EXTRACTED RECORDS:
-- -- --
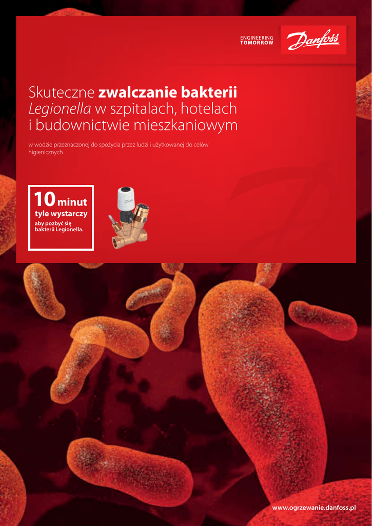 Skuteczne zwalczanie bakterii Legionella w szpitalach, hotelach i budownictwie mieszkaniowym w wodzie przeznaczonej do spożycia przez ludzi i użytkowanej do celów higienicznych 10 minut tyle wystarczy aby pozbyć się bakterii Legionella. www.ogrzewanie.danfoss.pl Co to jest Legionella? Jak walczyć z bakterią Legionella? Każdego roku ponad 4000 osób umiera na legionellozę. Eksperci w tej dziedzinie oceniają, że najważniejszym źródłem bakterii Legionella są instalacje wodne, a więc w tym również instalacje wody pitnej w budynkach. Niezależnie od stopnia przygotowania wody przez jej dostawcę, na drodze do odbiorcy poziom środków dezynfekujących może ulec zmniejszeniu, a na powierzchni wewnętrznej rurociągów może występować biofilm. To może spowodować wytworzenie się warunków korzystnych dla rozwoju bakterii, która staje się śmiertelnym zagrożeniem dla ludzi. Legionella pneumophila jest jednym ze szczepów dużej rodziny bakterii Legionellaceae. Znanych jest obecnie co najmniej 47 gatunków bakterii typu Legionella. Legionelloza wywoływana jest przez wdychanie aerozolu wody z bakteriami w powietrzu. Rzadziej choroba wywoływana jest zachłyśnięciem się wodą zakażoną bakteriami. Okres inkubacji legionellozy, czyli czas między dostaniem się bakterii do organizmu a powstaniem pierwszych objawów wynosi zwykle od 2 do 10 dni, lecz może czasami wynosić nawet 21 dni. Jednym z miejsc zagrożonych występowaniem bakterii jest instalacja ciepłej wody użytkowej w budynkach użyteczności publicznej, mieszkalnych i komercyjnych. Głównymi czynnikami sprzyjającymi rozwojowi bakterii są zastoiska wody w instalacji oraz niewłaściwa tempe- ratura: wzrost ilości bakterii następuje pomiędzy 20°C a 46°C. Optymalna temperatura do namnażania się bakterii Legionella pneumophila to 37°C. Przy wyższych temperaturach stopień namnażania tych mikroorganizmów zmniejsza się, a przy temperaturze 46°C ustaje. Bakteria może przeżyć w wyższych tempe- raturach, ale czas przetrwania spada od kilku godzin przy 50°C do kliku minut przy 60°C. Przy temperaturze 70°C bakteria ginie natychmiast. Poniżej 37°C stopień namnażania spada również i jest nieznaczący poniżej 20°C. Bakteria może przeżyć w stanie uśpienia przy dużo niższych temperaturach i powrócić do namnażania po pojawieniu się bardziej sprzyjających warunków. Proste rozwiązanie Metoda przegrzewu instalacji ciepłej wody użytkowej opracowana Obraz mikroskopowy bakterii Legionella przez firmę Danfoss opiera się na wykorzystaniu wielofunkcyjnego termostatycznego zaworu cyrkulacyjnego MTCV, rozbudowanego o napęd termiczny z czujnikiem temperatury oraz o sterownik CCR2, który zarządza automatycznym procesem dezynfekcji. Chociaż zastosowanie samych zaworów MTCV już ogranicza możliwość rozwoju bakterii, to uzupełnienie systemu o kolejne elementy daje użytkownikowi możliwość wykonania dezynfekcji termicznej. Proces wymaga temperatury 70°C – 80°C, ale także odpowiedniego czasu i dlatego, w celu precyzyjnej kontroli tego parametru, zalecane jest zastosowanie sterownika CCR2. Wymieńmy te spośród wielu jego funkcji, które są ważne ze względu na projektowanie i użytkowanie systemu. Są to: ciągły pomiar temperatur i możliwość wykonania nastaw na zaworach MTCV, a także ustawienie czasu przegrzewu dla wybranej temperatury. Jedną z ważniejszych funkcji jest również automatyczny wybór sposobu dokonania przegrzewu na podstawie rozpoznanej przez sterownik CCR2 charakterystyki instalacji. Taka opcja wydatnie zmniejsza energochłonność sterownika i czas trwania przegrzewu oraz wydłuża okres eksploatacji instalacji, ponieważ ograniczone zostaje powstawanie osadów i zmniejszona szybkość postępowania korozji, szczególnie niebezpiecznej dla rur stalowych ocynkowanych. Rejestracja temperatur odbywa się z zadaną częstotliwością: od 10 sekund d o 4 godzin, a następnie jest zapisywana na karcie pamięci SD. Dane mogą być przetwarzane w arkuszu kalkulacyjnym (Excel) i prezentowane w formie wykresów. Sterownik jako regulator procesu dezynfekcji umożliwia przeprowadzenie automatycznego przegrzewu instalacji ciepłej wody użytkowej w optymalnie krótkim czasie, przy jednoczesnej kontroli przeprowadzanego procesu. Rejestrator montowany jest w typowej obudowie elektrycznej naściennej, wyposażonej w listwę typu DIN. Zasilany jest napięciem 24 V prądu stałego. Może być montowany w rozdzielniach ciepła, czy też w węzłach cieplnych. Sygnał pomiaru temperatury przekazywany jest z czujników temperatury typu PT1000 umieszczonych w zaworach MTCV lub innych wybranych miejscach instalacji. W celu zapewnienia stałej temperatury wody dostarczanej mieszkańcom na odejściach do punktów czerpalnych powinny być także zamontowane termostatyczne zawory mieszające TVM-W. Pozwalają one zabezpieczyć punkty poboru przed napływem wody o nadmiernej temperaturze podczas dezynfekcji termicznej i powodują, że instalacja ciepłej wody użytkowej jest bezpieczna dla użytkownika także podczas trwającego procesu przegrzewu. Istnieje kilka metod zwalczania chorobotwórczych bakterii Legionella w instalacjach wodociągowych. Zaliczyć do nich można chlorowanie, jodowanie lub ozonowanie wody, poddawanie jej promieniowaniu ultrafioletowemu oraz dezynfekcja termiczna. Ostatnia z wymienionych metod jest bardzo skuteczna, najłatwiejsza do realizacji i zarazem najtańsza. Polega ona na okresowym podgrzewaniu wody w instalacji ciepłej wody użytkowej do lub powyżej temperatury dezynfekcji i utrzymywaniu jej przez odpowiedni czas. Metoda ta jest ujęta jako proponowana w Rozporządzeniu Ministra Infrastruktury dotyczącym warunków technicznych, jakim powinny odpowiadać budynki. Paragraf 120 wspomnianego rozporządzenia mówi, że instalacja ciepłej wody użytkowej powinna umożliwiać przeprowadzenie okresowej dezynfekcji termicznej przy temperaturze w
-- -- --
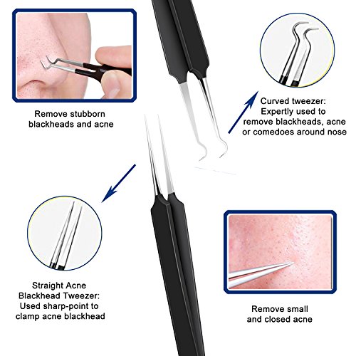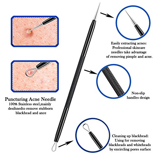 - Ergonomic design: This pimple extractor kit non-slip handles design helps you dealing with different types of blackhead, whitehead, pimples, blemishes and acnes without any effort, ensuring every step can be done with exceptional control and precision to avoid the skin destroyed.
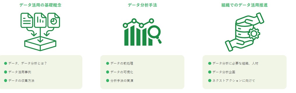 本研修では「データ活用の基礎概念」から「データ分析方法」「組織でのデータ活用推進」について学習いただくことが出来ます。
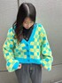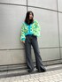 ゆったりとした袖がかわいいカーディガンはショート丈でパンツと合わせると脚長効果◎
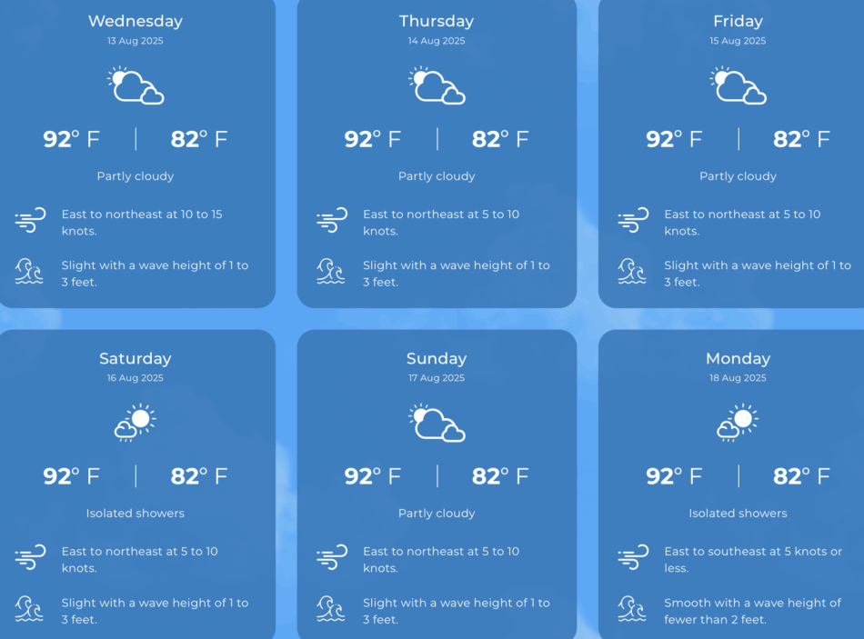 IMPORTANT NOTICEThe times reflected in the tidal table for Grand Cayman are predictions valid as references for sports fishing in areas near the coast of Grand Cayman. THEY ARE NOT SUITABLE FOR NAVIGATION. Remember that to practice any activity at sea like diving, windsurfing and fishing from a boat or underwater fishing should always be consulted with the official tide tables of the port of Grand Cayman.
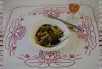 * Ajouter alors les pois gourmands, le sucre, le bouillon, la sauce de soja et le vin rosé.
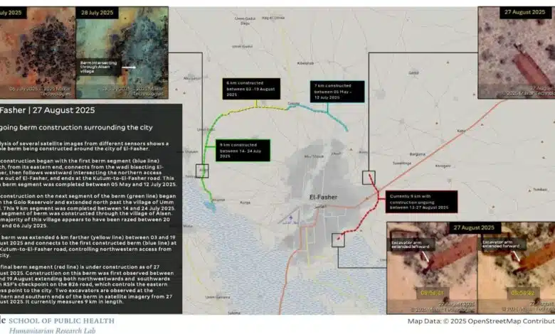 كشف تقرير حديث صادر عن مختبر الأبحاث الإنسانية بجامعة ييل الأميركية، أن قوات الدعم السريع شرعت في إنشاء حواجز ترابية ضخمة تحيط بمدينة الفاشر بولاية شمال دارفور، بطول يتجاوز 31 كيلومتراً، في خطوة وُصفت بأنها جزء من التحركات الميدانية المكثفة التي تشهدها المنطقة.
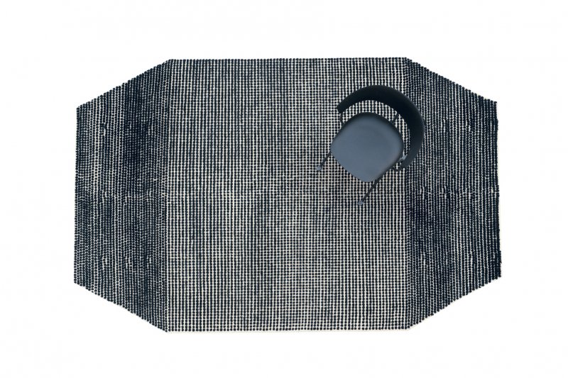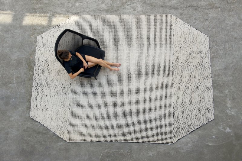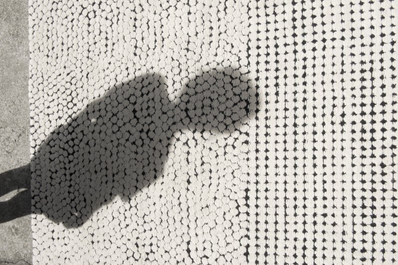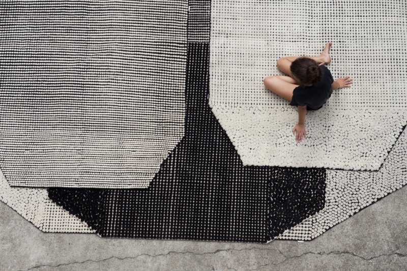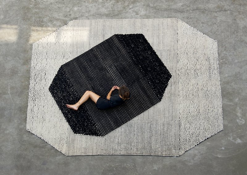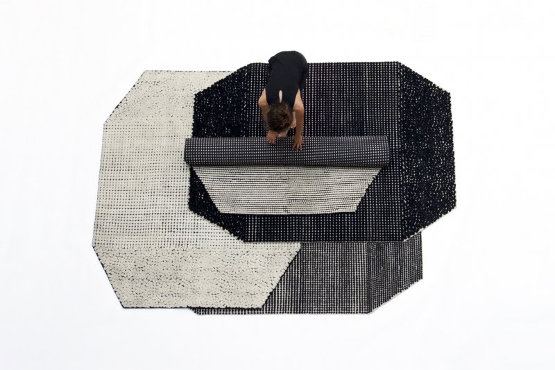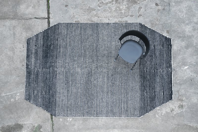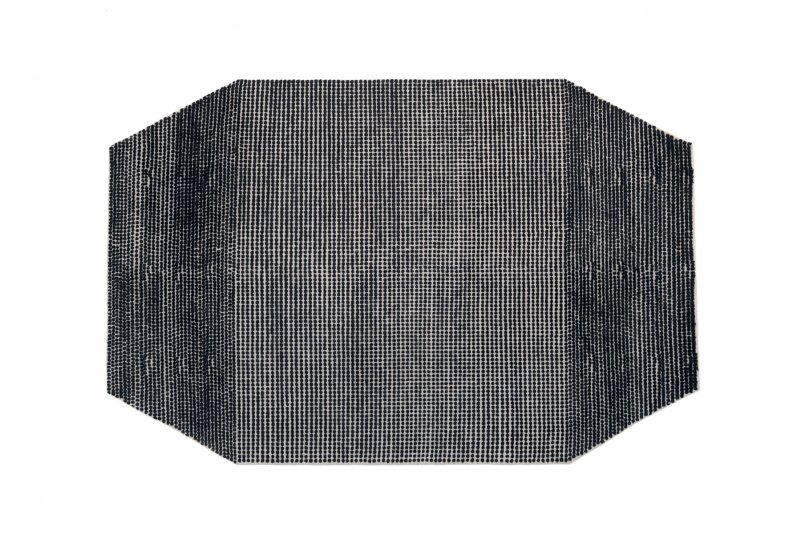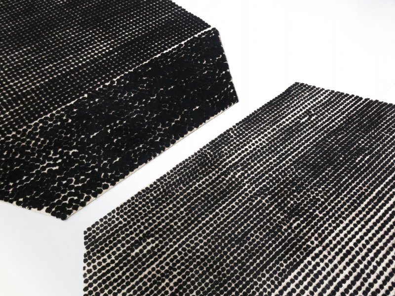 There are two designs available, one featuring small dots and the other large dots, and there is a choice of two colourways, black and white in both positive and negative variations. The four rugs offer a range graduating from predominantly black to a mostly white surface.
-- -- --
EXERCISE AIM:
Above are records with pictures. Reproduce exactly only the lines from the line with "le vin rosé." through the line with "كشف تقرير حديث", both ends included, and leave the pictures out.

OUTPUT FOR THIS EXERCISE:
 * Ajouter alors les pois gourmands, le sucre, le bouillon, la sauce de soja et le vin rosé.
 كشف تقرير حديث صادر عن مختبر الأبحاث الإنسانية بجامعة ييل الأميركية، أن قوات الدعم السريع شرعت في إنشاء حواجز ترابية ضخمة تحيط بمدينة الفاشر بولاية شمال دارفور، بطول يتجاوز 31 كيلومتراً، في خطوة وُصفت بأنها جزء من التحركات الميدانية المكثفة التي تشهدها المنطقة.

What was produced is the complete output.